§ **Task brief**
An exact transcription of all the data is required, with every image removed.
[[ Dataset section open ]]
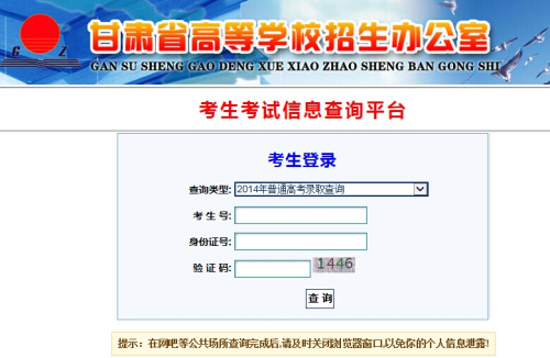 人民網(wǎng)7月11日電 2014年甘肅高考各批次錄取正在進(jìn)行中,考生可登陸甘肅省高等學(xué)校招生辦公室網(wǎng)站查詢錄取動(dòng)態(tài)及錄取結(jié)果。
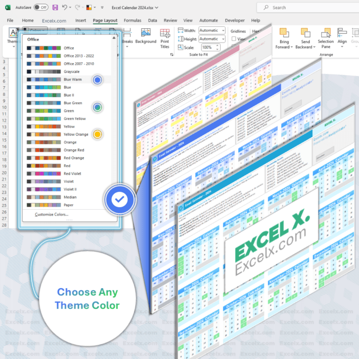 Excel Calendar 2024 with 24 designed layouts Free Download
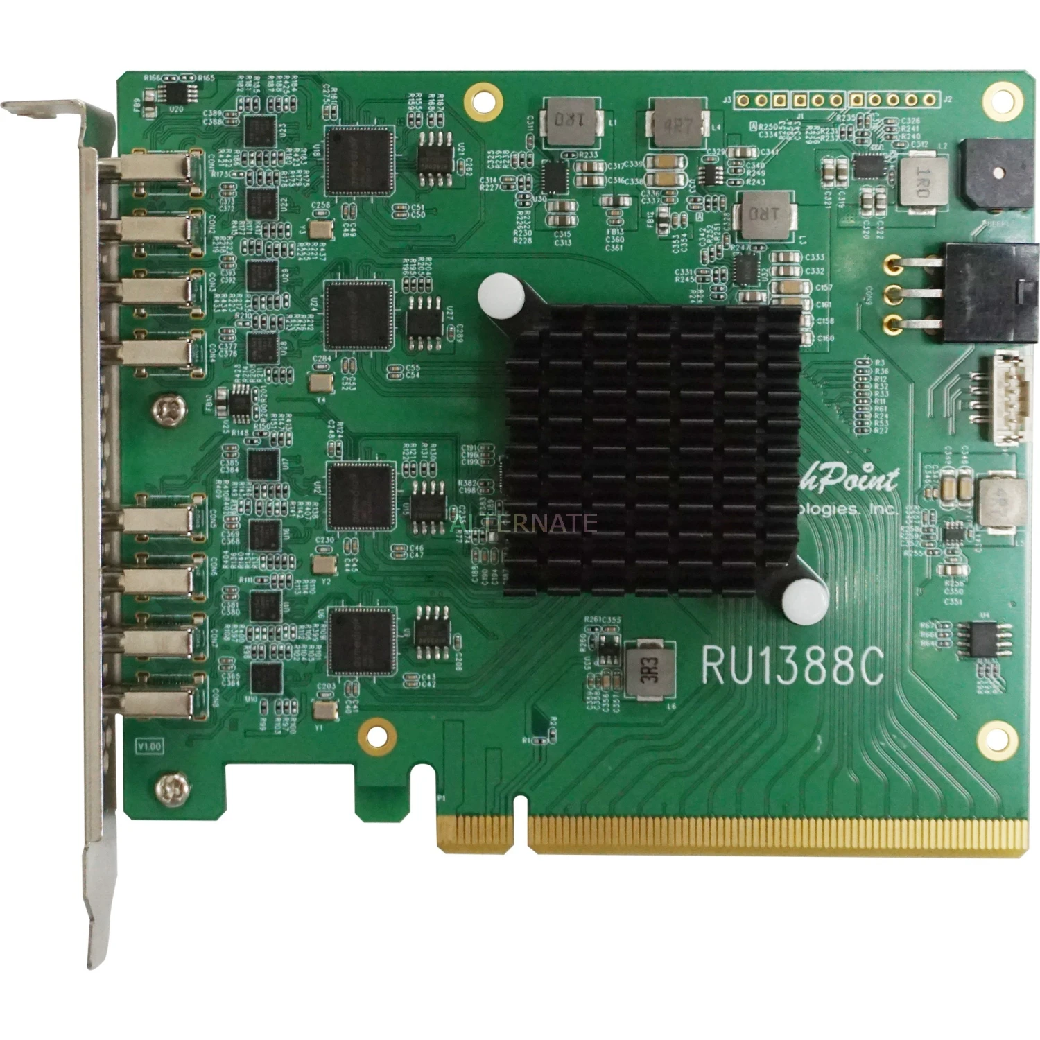 Der RocketU 1388C ist ein leistungsstarker USB-Host-Controller. Jeder der vier USB-Typ-A-Ports ist völlig unabhängig und wird von einem dedizierten 10 Gbit/s USB 3.2 Gen 2-Controller-Chip mit Strom versorgt, der von einer robusten PCIe 3.0 x16-Hostschnittstelle unterstützt wird. Diese einzigartige Host-Controller-Architektur stellt sicher, dass jedes gehostete USB-C-Gerät mit Spitzenleistung betrieben werden kann, ohne den Bus zu überlasten oder Systemressourcen zu belasten.
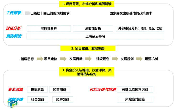 在以上背景下,出版社提出对于打造“吉云轩书苑”的可行性研究,将组建书苑项目的组建背景、可行性、必要性、市场分析、对标分析、项目运营思路、运营模式、功能布局、项目投资、项目经济效益与社会效益分析、风险识别及应对等方面进行系统研究与分析。
[[ Dataset section closed ]]
§ **Finished task**
 人民網(wǎng)7月11日電 2014年甘肅高考各批次錄取正在進(jìn)行中,考生可登陸甘肅省高等學(xué)校招生辦公室網(wǎng)站查詢錄取動(dòng)態(tài)及錄取結(jié)果。
 Excel Calendar 2024 with 24 designed layouts Free Download
 Der RocketU 1388C ist ein leistungsstarker USB-Host-Controller. Jeder der vier USB-Typ-A-Ports ist völlig unabhängig und wird von einem dedizierten 10 Gbit/s USB 3.2 Gen 2-Controller-Chip mit Strom versorgt, der von einer robusten PCIe 3.0 x16-Hostschnittstelle unterstützt wird. Diese einzigartige Host-Controller-Architektur stellt sicher, dass jedes gehostete USB-C-Gerät mit Spitzenleistung betrieben werden kann, ohne den Bus zu überlasten oder Systemressourcen zu belasten.
 在以上背景下,出版社提出对于打造“吉云轩书苑”的可行性研究,将组建书苑项目的组建背景、可行性、必要性、市场分析、对标分析、项目运营思路、运营模式、功能布局、项目投资、项目经济效益与社会效益分析、风险识别及应对等方面进行系统研究与分析。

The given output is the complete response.